Still, that figure continued to be well above the national unemployment rate of 4.9 percent. The adjusted rate for December in New Mexico was 6.6 percent, according to the Department of Workforce Solutions.
New Mexico tied with the District of Columbia for the third-highest ranking. Worse were Mississippi at 6.7 percent and Alaska at 6.6 percent.
Also, New Mexico saw the number of jobs fall slightly in January compared to the same month a year before. About 1,800 jobs were lost, or about 0.2 percent during that period.
“The decline in global oil prices continues to take its toll on mining and industries that serve the mining industry,” a department news release said.
Slumping oil prices for more than a year have meant thousands of layoffs in the southeast and northwest parts of the state.
New Mexico’s goods-producing industries lost 8,100 jobs from January 2015 to January 2016, with the mining sector losing 7,700 jobs. The mining sector includes oil and gas jobs.

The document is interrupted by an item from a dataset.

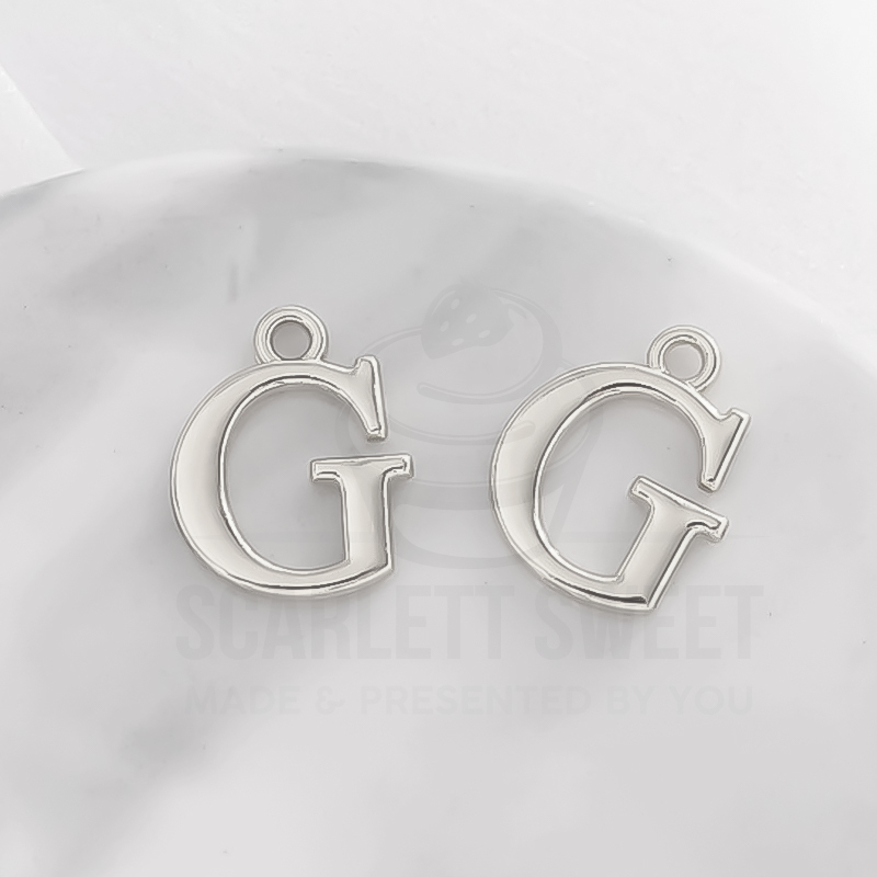 6pc Silver letter charms measure appox 1.6cm x 1cm.

Employment in service industries increased by 6,300 jobs, while the education and health services industry had the biggest gain at 7,300 additional jobs.
Meanwhile, the value of goods and services produced in New Mexico rose slightly at 0.5 percent from the second quarter of 2015 to the third quarter, according to the latest figures from the U.S. Bureau of Economic Analysis. That measure, called real gross domestic product, was at 1.9 percent overall in the U.S. compared to 3.8 percent the quarter before.
New Mexico fared better than several nearby states, including Texas and Oklahoma, both of which saw an increase of 0.1 percent.